Interdependence: The relationship, dependence, and connectedness of different systems on each other
Example: Ukweli relies on Hassan to accomplish his mission of distributing test strips and collecting data to ultimately reduce maternal mortality in Sierra Leone, and Hassan relies on Ukweli to get paid.
Holism: Individual parts are dependent on each other and produce more value together than they would on their own
Example: The malnutrition team members all had different roles that were necessary by themselves, but also produced more value when combined together
Multifinality: Achieving different outcomes from the same original process, “win-win for everyone”
Example: Everybody involved with GSIF programs has individual things that benefit them from the same process. For example, the fellows get experience and publishable work, Hassan gets money, and Sierra Leonean mothers have reduced mortality rates
Equifinality: There are many approaches that can be taken to reach the same goal
Example: There are many different aspects (travel to clinics, light in birthing rooms, ANC days) of maternal healthcare that can be focused on by the Safe Motherhood Documentary in order to reduce material death/improve maternal healthcare.

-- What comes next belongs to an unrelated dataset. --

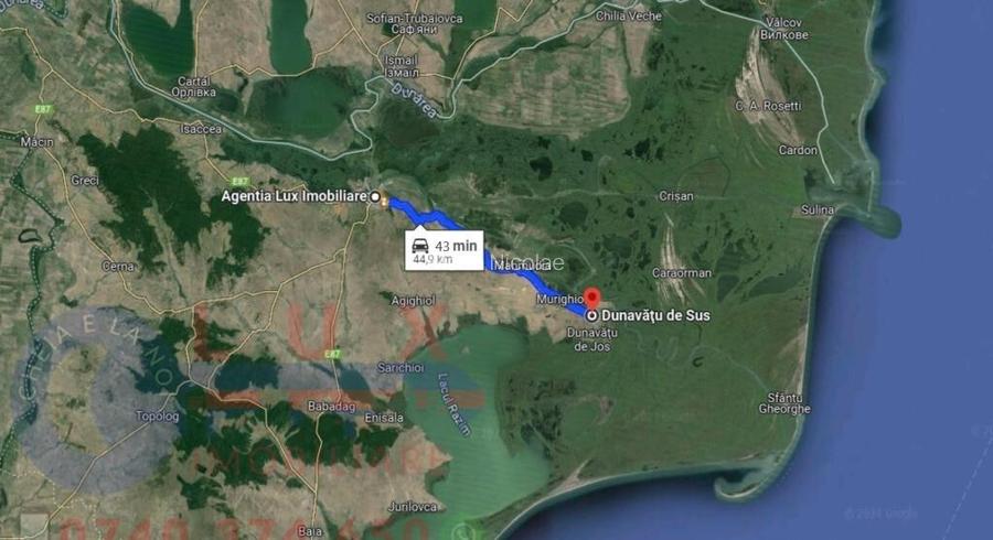 Cauti o proprietate in Delta Dunarii cu potential de dezvoltare? Agentia Lux Imobiliare va propune spre vanzare casa cu teren amplasata in DUNAVATU DE SUS, Comuna Murighiol. Localitatea se afla la 44,9 km de Orasul Tulcea (43 minute mers cu masina), in Delta Dunarii, cu deschidere catre Canalul Dunavat ce duce la bratul Sfantu Gheorghe. Casa este formata din 2 corpuri (construite din paianta) si este amplasata pe un teren cu suprafata de 2.514 MP. Terenul are un front stradal de 16,68 ML si o DESCHIDERE de 38,48 ML la CANALUL DUNAVAT!! Corpul 1 (44 mp) este renovat complet si este compus din hol, 2 camere si baie. Corpul 2 (50 mp) este compus din 2 camere si bucatarie. Incalzirea se face cu sobe si dispun de utilitatile necesare: apa si curent electric. +++ Sistem de supraveghere video +++ Se vinde MOBILATA si UTILATA! Proprietatea are potential turistic si este ideala pentru o investitie in turism! PRET 93.000 EURO Contact:

Differentiation: Within a given system, specific and unique parts are performing specific functions distinct from one another.
Examples: In the Ukweli operation, Wancheng is responsible for shipping the test trips to Freetown, Allieu is responsible for getting them to Makeni and Hassan is in charge of getting the strips to the clinics and CHWs. Each needs the other in the larger operation to function, but each is also its own subsystem.
Regulation: Making sure that intentions and actions match up with each other.
Example: The Sickle Cell group will be running many confirmatory tests, including a clinical trial (with a verification test, the gold standard), in order to insure the test strip is able to diagnose Sickle Cell Disease with a certain level of accuracy.
Abstraction: viewing a system from a birds eye view approach, thinking through complex scenarios with a level of higher context and in broader terms
Example: Once we perfect the muffin and pudding in Sierra Leone, we can use the same process and extrapolate to other developing countries to solve the same problem using their own local reseources
Leverage Points: A small area within a given system where a small change can be made in order to produce big change.
Example: The Sierra Leonean government can charge mothers a fee for giving birth at homes, and the mothers are more likely to go to the clinic to give birth. This small fee (about $5) saves many mother’s and baby’s lives.
Emergence is the idea that an entire entity brings more value than each of its components could on its own. The muffin and pudding are emergent products, because as entities they bring value (i.e. they have all of the nutrients that children in Sierra Leone are missing, and make the children healthier), but without one of the supplements, the products don’t accomplish giving children all of the vitamins they are missing.
Solution: Partner with the fishermen to sell the briquettes with the fish, they can make money and will help the entrepreneur collect the hyacinth. Only fisherman than want to be involved will be hired/become a partner. The other fisherman who aren’t involved originally will feel like they are missing out once they see the success of the original fisherman and will then want to join the venture.